From another corner issue the complaints of an old woman of eighty years, laid up with rheumatism. This old woman was formerly a children’s nurse somewhere; now she is dying all alone. She whines, moans, and growls at the little boy, who begins to be afraid to come near the corner where she lies with the death rattle in her throat. He has found something to drink in the hallway, but he has not been able to lay his hand on the smallest crust of bread, and for the tenth time he comes to wake his mother. He finishes by getting frightened in this darkness.

The evening is already late, and no one comes to kindle the fire. He finds, by feeling around, his mother’s face, and is astonished that she no longer moves and that she has become as cold as the wall.

“It is so cold!” he thinks.

He remains some time without moving, his hand resting on the shoulder of the corpse. Then he begins to blow in his fingers to warm them, and, happening to find his little cap on the bed, he looks softly for the door, and issues forth from the underground lodging.

He would have gone out sooner had he not been afraid of the big dog that barks all the day up there on the landing before their neighbor’s door.

Oh! what a city! never before had he seen anything like it. Down yonder from where he came, the nights are much darker. There is only one lamp for the whole street; little low wooden houses, closed with shutters; in the street from the time it grows dark, no one; every one shut up at home: only a crowd of dogs that howl, hundreds, thousands of dogs, that howl and bark all the night. But then, it used to be so warm there! And he got something to eat. Here, ah! how good it would be to have something to eat! What a noise here, what an uproar! What a great light, and what a crowd of people! What horses, and what carriages! And the cold, the cold! The bodies of the tired horses smoke with frost and their burning nostrils puff white clouds; their shoes ring on the pavement through the soft snow. And how every body hustles every body else! “Ah! how I would like to eat a little piece of something. That is what makes my fingers ache so.”

II.

A POLICEMAN just passes by, and turns his head so as not to see the child.

“Here is another street. Oh! how wide it is! I shall be crushed to death here, I know; how they all shout, how they run, how they roll along! And the light, and the light! And that, what is that? Oh! what a big window pane! And behind the pane, a room, and in the room a tree that goes up to the ceiling; it is the Christmas tree. And what lights under the tree! Such papers of gold, and such apples! And all around dolls and little hobby-horses. There are little children well-dressed, nice, and clean; they are laughing and playing, eating and drinking things.
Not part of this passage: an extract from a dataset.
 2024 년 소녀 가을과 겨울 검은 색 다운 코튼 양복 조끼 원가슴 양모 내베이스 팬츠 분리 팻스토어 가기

There is a little girl going to dance with the little boy. How pretty she is! And there is music. I can hear it through the glass.”

The child looks, admires, and even laughs. He feels no longer any pain in his fingers or feet. The fingers of his hand have become all red, he cannot bend them any more, and it hurts him to move them. But all at once, he feels that his fingers ache; he begins to cry, and goes away. He perceives through another window another room, and again trees and cakes of all sorts on the table, red almonds and yellow ones. Four beautiful ladies are sitting down, and when any body comes he is given some cake: and the door opens every minute, and many gentlemen enter. The little fellow crept forward, opened the door of a sudden, and went in. Oh! what a noise was made when they saw him, what confusion! Immediately a lady arose, put a kopeck in his hand, and opened herself the street door for him. How frightened he was!

III.

THE kopeck has fallen from his hands, and rings on the steps of the stairs. He was not able to tighten his little fingers enough to hold the coin. The child went out running, and walked fast, fast. Where was he going? He did not know. And he runs, runs, and blows in his hands. He is troubled. He feels so lonely, so frightened! And suddenly, what is that again! A crowd of people stand there and admire.
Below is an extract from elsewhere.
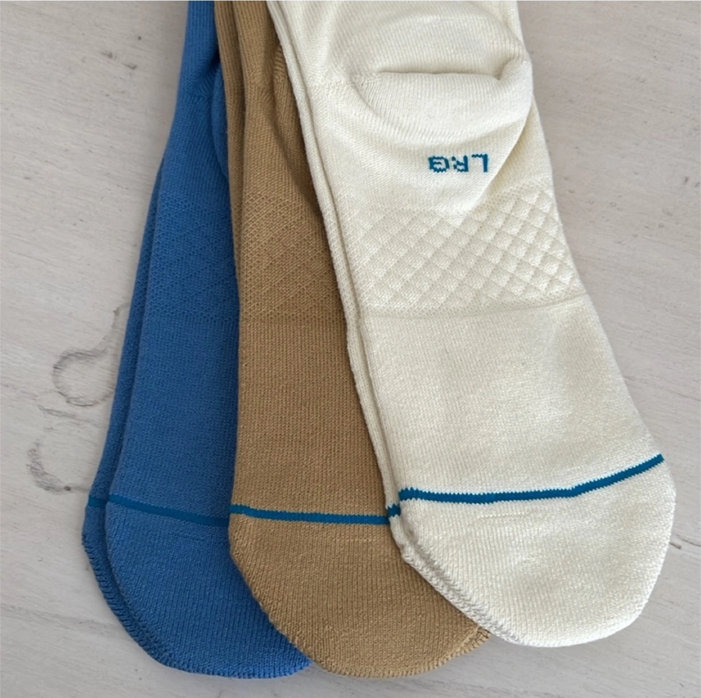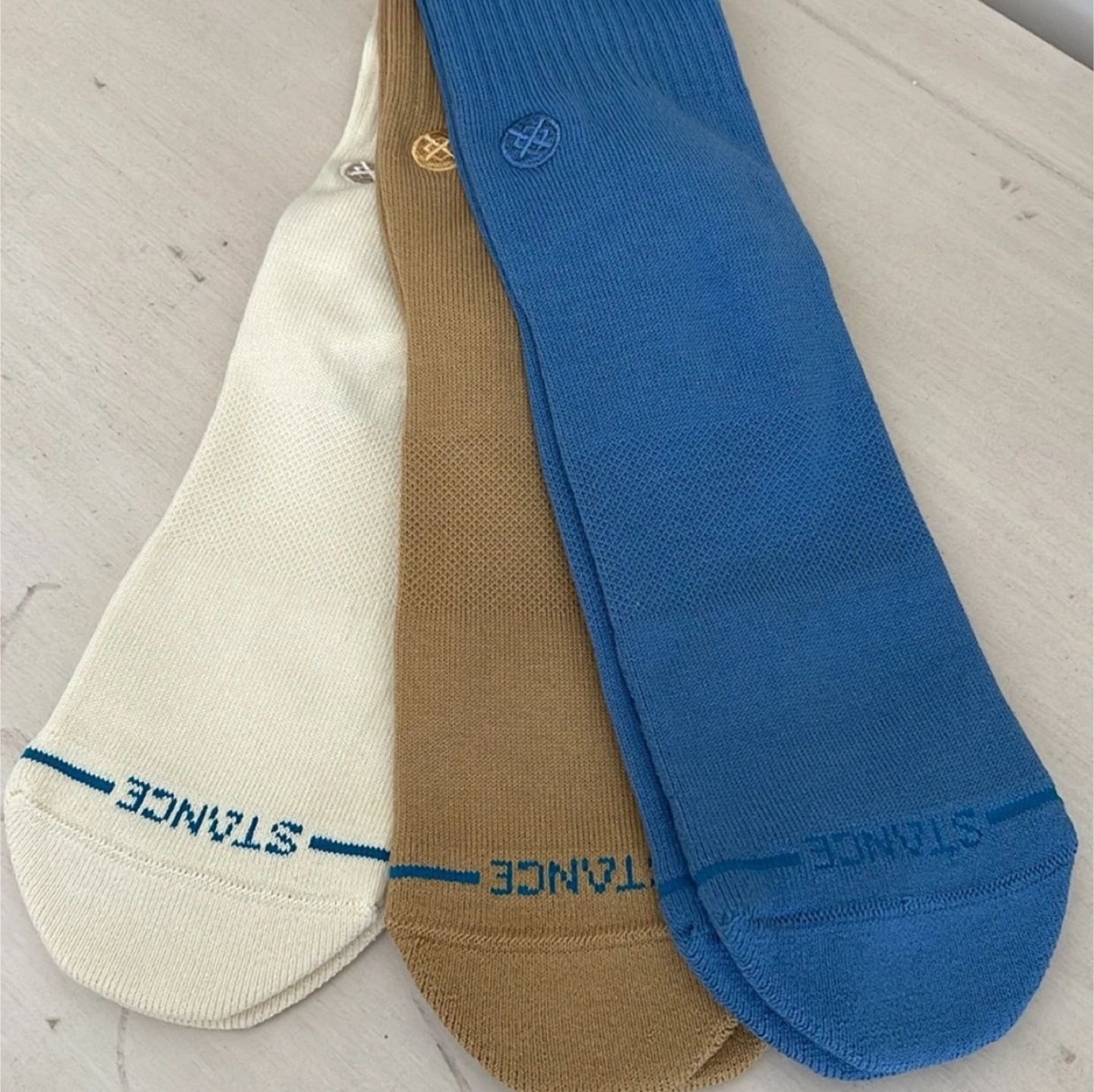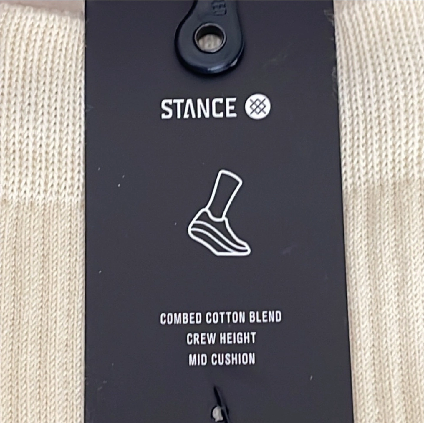 Here's a new pack of Stance Icon socks! They are size Large (M:9-13). This is a 3-pack of crew height socks with mid cushion. The socks are made of 76% combed cotton, 17% polyester, 4% nylon, and 3% elastane. MSRP: $29.99

“A window! behind the pane, three pretty dolls attired in wee red and yellow dresses, and just exactly as though they were alive! And that little old man sitting down, who seems to play the fiddle. There are two others, too, standing up, who play on tiny violins, keeping time with their heads to the music. They look at each other and their lips move. And they really speak? Only they cannot be heard through the glass.”

And the child first thinks that they are living, and when he comprehends that they are only dolls, he begins to laugh. Never had he seen such dolls before, and he didn’t know that there were any like that! He would like to cry, but those dolls are just too funny!

 

IV.

SUDDENLY he feels himself seized by the coat. A big rough boy stands near him, who gives him a blow of his fist on the head, snatches his cap, and trips him up.

The child falls. At the same time there is a shout; he remains a moment paralyzed with fear. Then he springs up with a bound and runs, runs, darts under a gateway somewhere and hides himself in a court-yard behind a pile of wood. He cowers and shivers in his fright; he can hardly breathe.

And suddenly he feels quite comfortable. His little hands and feet don’t hurt any more; he is warm, warm as though near a stove, and all his body trembles.

“Ah! I am going asleep! how nice it is to have a sleep! I shall stay a little while and then I will go and see the dolls again,” thought the little fellow, and he smiled at the recollection of the dolls. “They looked just as though they were alive!”

Then he hears his mother’s song. “Mamma, I am going to sleep. Ah! how nice it is here for sleeping!”

“Come to my house, little boy, to see the Christmas tree,” said a soft voice.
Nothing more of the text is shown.